Ideias sobre saúde. Refeições nutritivas e regulares, remédios regulares. Atividade física regular, sono regular, exposição regular ao sol.
Ideias sobre paz. Meu corpo, minha família, minha casa. A tranquilidade de que a “segurança sobre a sua propriedade” é garantida.
Ideias sobre comunidade. Interações sociais regulares, com comunidade, com amigos e família, partilhando atividades, ideias, sentimentos. Planos, conquistas, adversidades…
Segundo a pirâmide de Maslow aí estão os três primeiros degraus rumo à autoestima e conseguinte realização pessoal, descritas sob o meu viés do momento presente.
Todos os elementos que constituem os três primeiros degraus (fisiologia, segurança e relacionamentos) dependem de um ambiente externo que seja também estável: acesso à água e comida de qualidade; acesso à atendimento médico, correto diagnóstico e tratamento; condições financeiras de arcar com tudo isso e para realizar a manutenção da casa.
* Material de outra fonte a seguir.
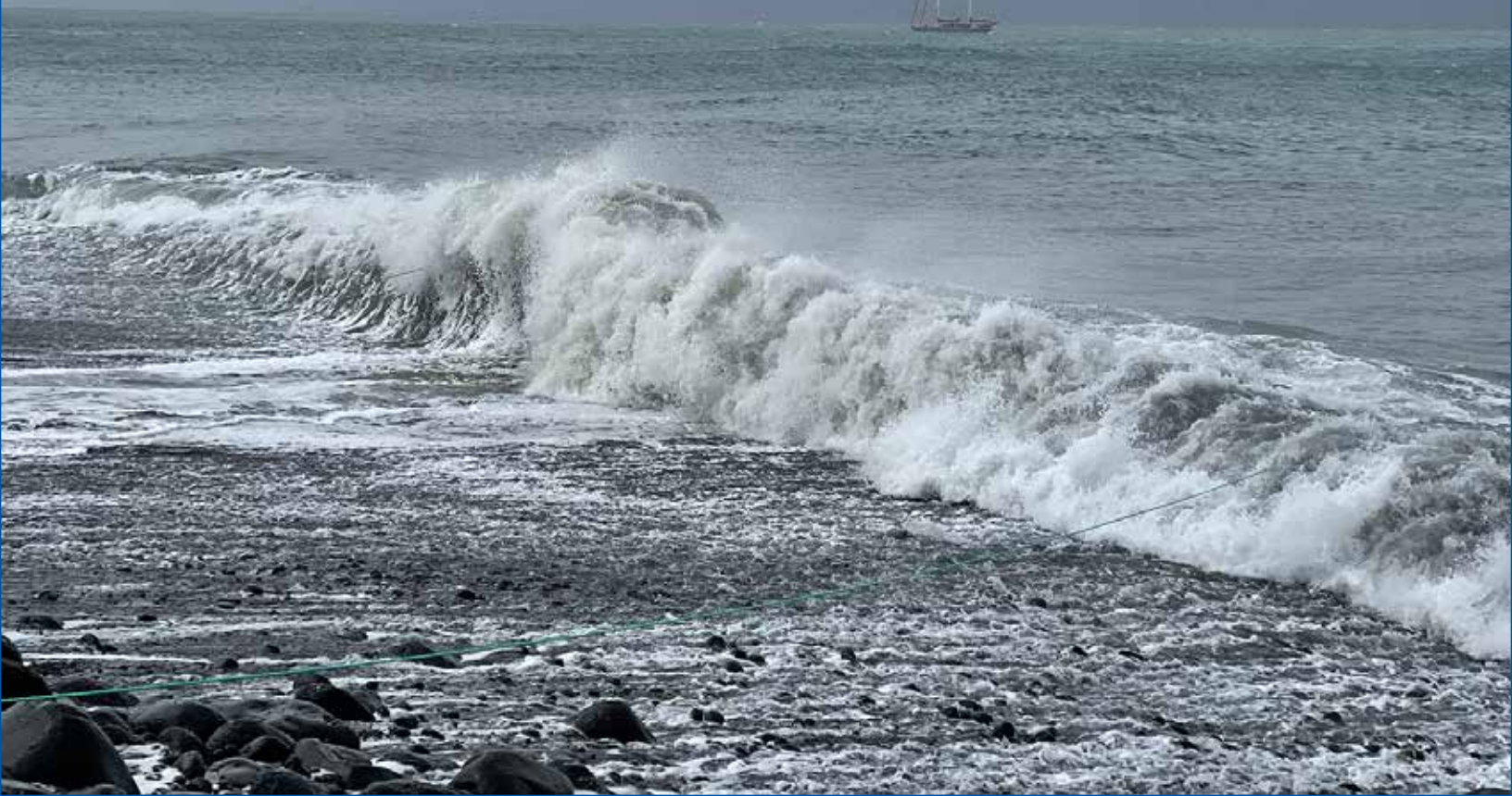
The massive surf during the storm as Marama rests at anchor in the background.
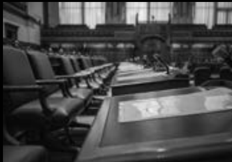
Local Government & Public Sector
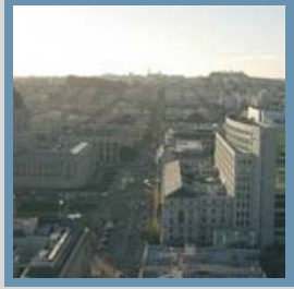
WELCOME GOVERNOR BROWN, BEST WISHES JUSTICE MORENO
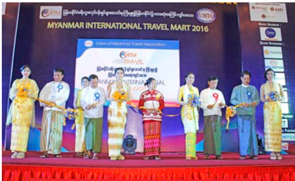
Opening ceremony of Myanmar International Travel Mart 2016 being formally opened.
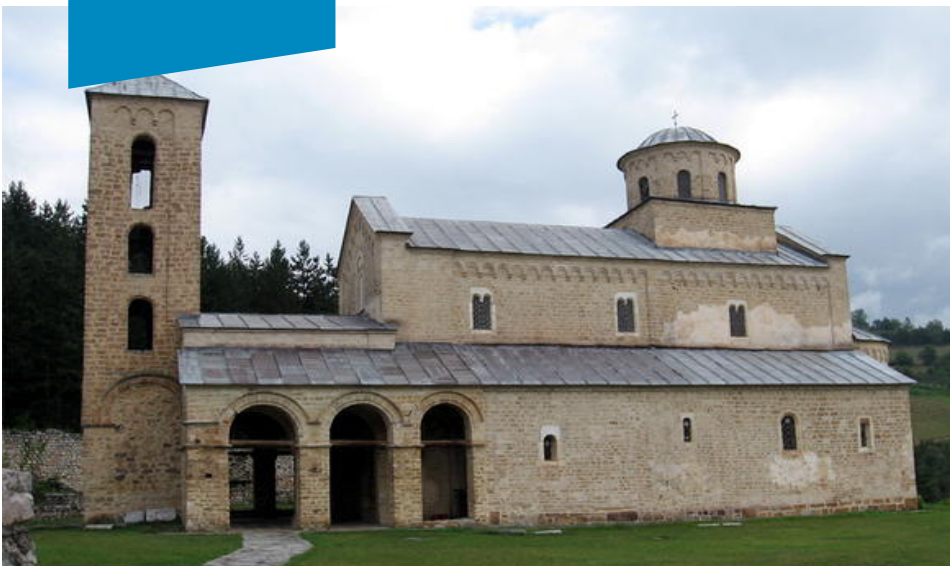
◀ Lumen roma - Stari Ras and Sopoćani

E se o indivíduo está num contexto em que o acesso à esses elementos fundamentais é dificultado? Ou até inacessível?
Tenho estudado pouco, interagido pouco, criado pouco. Pouco em relação ao que já fiz, pouco em relação ao que gostaria de estar fazendo. Muito, em relação ao que há poucos meses fora minha realidade cotidiana.
Apesar da “mudança de ritmo” que tive, vêm à superfície da memória ideias outrora partilhadas e aprofundadas que transformaram minha percepção sobre esse dia a dia humano ocidental, a exemplo da pirâmide ilustrada... Uma "imagem" que provoca reflexões sobre hierarquia e causalidade; sobre exposição à estímulos, formação da identidade, ambiente e cultura; sobre a materialidade da existência humana, o peso da desigualdade e a heterogeneidade das condições de diferentes populações...
Sobre como somos parte de um todo - e que esse "todo" altera substancialmente quem somos e quem podemos nos tornar.
Não há saída individual para uma enfermidade que é coletiva.